La maison de famille, celle qui reste pour toujours gravée dans la mémoire et le cœur des enfants, celle qui vit les premières joies, les premières amours mais aussi la tristesse et parfois les pleurs, n’est pas toujours celle que l’on croit.

La « Bastide Neuve » où Marcel Pagnol tomba amoureux de la garrigue sèche et sauvage, des massifs de roche blanchis par le Mistral et des collines pelées de la Provence où des arbres morts dressent leurs branches étiolées comme des bras décharnés tendus vers le ciel, n’était qu’une maison louée par la famille plusieurs années consécutives pour les vacances d’été.

Et pourtant, c’est cette maison, et non celle de Marseille où il vivait le reste de l’année, qui restera à jamais gravée dans les romans de Pagnol.

La maison de famille est donc celle où les enfants ont passé leur jeunesse, celle qui chargée de souvenirs empreints de nostalgie reste au plus profond du cœur pour toute la vie et dont le souvenir restera vivace jusqu’à la fin.

C’est souvent la résidence principale mais ce peut être également la résidence secondaire où l’on passait ses vacances enfants.

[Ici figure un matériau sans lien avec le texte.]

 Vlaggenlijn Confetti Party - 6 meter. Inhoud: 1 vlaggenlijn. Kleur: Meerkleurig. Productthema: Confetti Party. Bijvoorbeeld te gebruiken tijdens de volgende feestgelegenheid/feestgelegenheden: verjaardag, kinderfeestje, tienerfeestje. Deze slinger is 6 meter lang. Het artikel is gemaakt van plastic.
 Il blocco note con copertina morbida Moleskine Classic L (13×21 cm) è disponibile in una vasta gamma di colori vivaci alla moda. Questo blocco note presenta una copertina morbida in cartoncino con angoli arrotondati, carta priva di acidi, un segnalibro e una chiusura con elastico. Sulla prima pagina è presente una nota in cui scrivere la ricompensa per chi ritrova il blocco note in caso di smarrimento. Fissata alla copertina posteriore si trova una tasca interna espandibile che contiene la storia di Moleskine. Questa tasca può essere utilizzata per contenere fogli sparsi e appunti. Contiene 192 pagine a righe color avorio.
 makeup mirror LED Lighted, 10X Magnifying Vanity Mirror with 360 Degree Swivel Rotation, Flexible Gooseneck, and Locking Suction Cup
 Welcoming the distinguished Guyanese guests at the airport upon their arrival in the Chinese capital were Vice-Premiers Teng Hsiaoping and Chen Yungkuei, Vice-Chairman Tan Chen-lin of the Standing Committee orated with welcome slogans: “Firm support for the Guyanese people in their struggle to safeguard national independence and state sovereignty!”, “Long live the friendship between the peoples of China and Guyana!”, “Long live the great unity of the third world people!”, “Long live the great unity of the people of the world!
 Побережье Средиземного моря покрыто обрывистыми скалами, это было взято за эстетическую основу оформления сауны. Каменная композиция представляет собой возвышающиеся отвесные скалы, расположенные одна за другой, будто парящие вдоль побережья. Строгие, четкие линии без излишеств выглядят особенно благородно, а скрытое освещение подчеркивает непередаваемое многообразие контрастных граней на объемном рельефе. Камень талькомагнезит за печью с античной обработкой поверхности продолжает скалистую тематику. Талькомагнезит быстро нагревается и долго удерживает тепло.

Lors de l’héritage de la maison de prestige à Rennes se pose la question de la conserver pour préserver les souvenirs qui lui sont attachés, un peu comme si ceux-ci risquaient de s’envoler avec la sortie du bien du patrimoine familial.

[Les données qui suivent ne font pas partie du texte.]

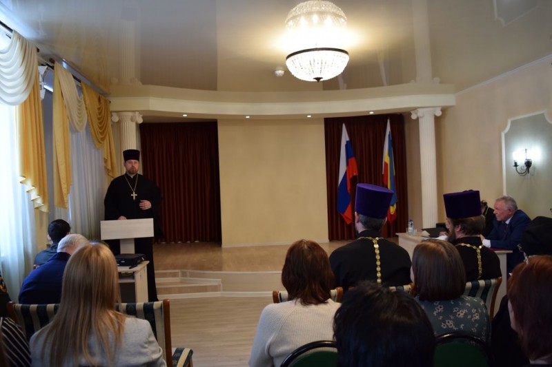 С приветственным словом перед собравшимися выступил председатель оргкомитета протоиерей Роман Амплеев, благочинный приходов Новошахтинского округа, который обратился к собравшимся и зачитал послание Святейшего Патриарха Московского и всея Руси Кирилла по случаю празднования Дня православной молодежи, представил почетных гостей и предоставил слово председателю городской Думы – главе города Новошахтинска Юрию Владимировичу Ушаневу. Глава, обратившись с приветственным словом к присутствующим, поздравил участников конференции с великим праздником Сретения Господня и Днем православной Молодежи, а также поблагодарил всех за значительный вклад в воспитание молодежи Новошахтинска. Юрий Владимирович вручил благодарственные письма протоиерею Роману Амплееву и директору филиала ЮФУ в г. Новошахтинске Н.Н. Вакула.
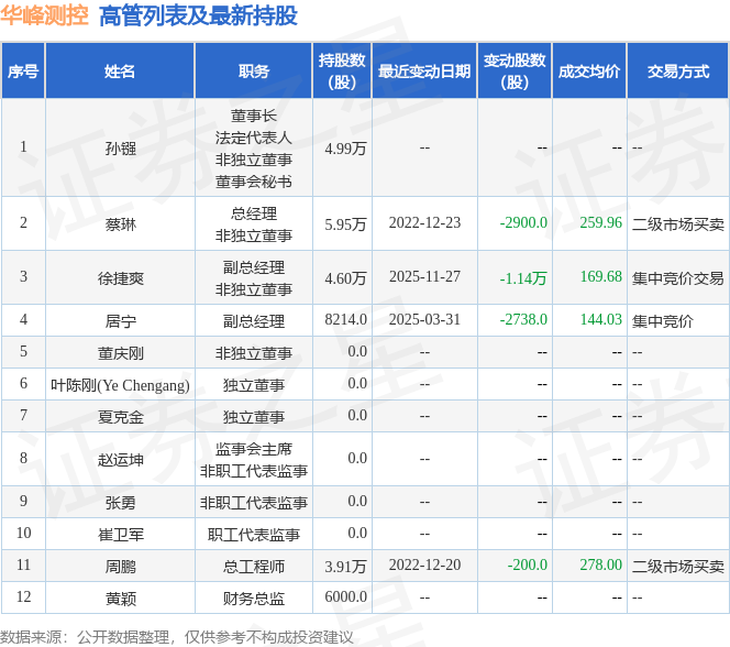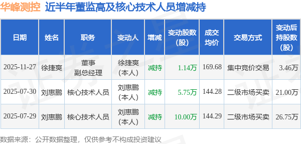华峰测控近半年内的董监高及核心技术人员增减持详情如下:
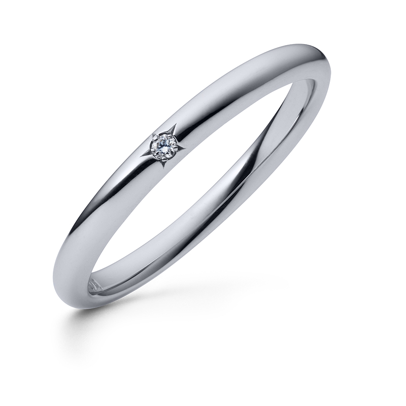 シンプル&ストレートなラインは、普段使いに最適なリングです。レディースは星型の石座にそっとメレダイヤをセッティングして、シンプルな中にも「星の砂」らしさを演出しています。
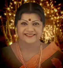 Lourde-Mary Rajeswari, better known as L. R. Eswari, is an Indian playback singer who has sung many songs in Tamil, Telugu, Malayalam, Kannada, Hindi, Tulu, and English.[1] She was awarded with the Kalaimamani, the highest civilian award for Arts and culture in Tamil Nadu, for her contributions to the film industry.
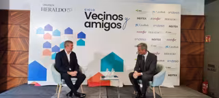 El presidente de Canarias, Fernando Clavijo, en el foro 'Amigos y Vecinos' organizado por Heraldo de Aragón, junto al director de Heraldo, Mikel Iturbe. - EUROPA PRESS
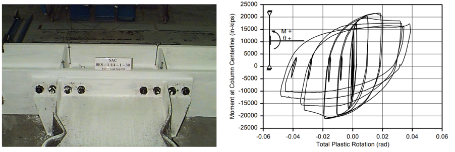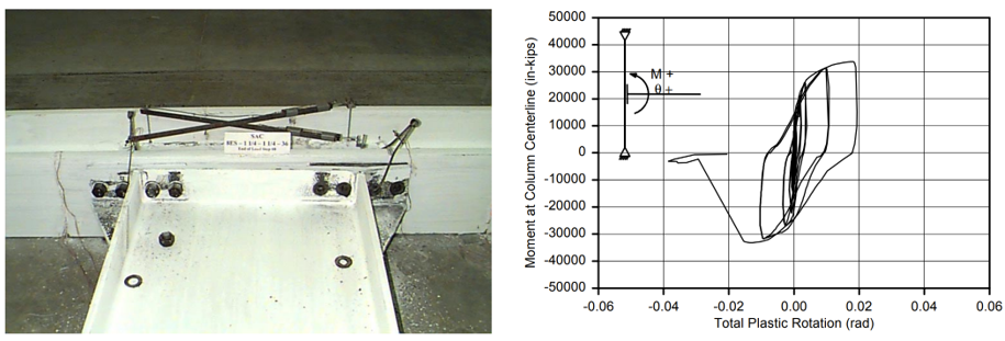 Figure 2.4: Left) Baseline model after testing; Right) moment-total plastic rotation relationship (Sumner et al., 2000)
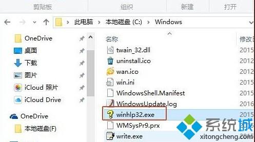 2、主要是win10将帮助都升级成云存储,所以以后的帮助文件,都可能是在网页上打开,并且屏蔽了Winhlp应用程序。可以通过win10之前的系统上,拷贝一个叫winhlp32.exe的程序(winhlp32可自行搜索下载)。
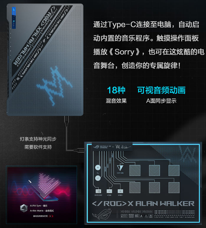 ROG Remix是Alan Walker在整個(gè)設(shè)計(jì)中最喜歡的部分,當(dāng)手指放在電音盒上的那一刻起,便可以感受到令人驚艷的設(shè)計(jì),這是一個(gè)極具創(chuàng)意的配件,只需用包裝里的USB Type-C線將盒子連接到電腦上,它便搖身一變成為電音盒,用戶可以觸發(fā)Alan Walker原創(chuàng)的18種音效,可以選擇彈奏內(nèi)置的Alan Walker歌曲,或者將自己的曲子導(dǎo)入Remix軟件,ROG Remix電音盒還可與AniMe Matrix?光顯矩陣屏聯(lián)動(dòng)。

Par ailleurs, lorsque les héritiers habitent à l’étranger ou à plus de 3 heures de route de l’agglomération rennaise par exemple, le problème se pose en d’autres termes et la solution retenue est souvent de mettre la maison à vendre.

L’indivision, un état transitoire ou pas

Lors du décès des parents, les héritiers se retrouvent dans l’indivision. Chaque indivisaire devient propriétaire d’une quote-part du bien et doit payer les droits de successions associés.

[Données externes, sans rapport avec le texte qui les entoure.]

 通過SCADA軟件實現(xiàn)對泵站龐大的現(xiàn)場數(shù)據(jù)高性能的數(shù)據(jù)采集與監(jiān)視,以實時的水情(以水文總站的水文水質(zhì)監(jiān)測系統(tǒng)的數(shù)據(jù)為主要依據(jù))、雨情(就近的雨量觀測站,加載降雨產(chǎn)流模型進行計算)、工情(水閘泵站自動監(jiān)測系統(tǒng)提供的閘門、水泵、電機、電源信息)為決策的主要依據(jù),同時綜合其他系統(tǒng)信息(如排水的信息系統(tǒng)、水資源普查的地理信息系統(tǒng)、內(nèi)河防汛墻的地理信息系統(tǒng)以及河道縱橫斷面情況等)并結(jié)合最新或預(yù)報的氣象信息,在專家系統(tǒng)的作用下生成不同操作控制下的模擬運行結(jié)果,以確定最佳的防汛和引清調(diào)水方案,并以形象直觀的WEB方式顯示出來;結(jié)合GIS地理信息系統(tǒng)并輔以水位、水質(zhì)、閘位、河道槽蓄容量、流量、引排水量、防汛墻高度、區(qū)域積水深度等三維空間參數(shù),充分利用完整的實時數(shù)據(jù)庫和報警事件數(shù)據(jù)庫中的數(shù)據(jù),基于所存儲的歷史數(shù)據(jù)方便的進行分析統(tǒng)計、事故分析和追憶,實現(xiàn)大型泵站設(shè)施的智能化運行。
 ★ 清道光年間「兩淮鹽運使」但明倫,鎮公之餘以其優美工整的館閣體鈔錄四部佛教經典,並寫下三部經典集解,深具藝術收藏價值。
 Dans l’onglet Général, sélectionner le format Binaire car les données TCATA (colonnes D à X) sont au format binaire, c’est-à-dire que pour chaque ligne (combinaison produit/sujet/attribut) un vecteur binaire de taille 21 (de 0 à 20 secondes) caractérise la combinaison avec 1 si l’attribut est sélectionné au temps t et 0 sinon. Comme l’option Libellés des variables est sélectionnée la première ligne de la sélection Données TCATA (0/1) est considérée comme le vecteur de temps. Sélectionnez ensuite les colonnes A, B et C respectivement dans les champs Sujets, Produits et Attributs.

Se pose alors la question de garder la demeure familiale et d’en partager l’usage ou de vendre tout ou partie de celle-ci.

En effet, il y a trois possibilités qui s’offrent aux indivisaires :
– rester dans l’indivision,
– vendre une partie de l’indivision,
– vendre la totalité du bien.

Rester dans l’indivision

Si les héritiers souhaitent garder le bien, ils peuvent conclure une convention d’indivision chez le notaire et nommer un ou plusieurs gérants afin de repartir l’usage du bien entre eux.

Ils devront dans ce cas s’acquitter des droits de succession avec leurs deniers personnels.

Vendre la quote-part de l’indivision

Certains indivisaires ne souhaitent conserver leur quote-part dans l’indivision. Soit ils ne sont pas intéressés par la conservation du bien, soit ils n’ont pas les moyens de payer les droits de succession, voire ils ont un besoin financier ponctuel.

Ils ont la possibilité de vendre leurs droits dans l’indivision mais pour ce faire, ils doivent en informer les autres indivisaires par acte d’huissier. En effet, ceux-ci seront prioritaires pour acheter la part de celui qui souhaite vendre.

Vendre l’ensemble du bien

Pour vendre la totalité du bien, il faut que 2/3 des indivisaires soient d’accord pour le faire. En cas de refus ou de non-réponse de l’un d’entre eux, le tribunal peut ordonner la vente du bien trois mois après la notification du projet.

À contrario, le tribunal peut maintenir l’Indivision dans le cas o% les indivisaires ne s’entendent pas sur la gestion de celle-ci et ce, afin de protéger les intérêts de tous.

Cela ne pourra toutefois pas excéder 5 ans qui pourront néanmoins être renouvelés dans des cas exceptionnels comme par exemple la minorité d’un ou de plusieurs indivisaires.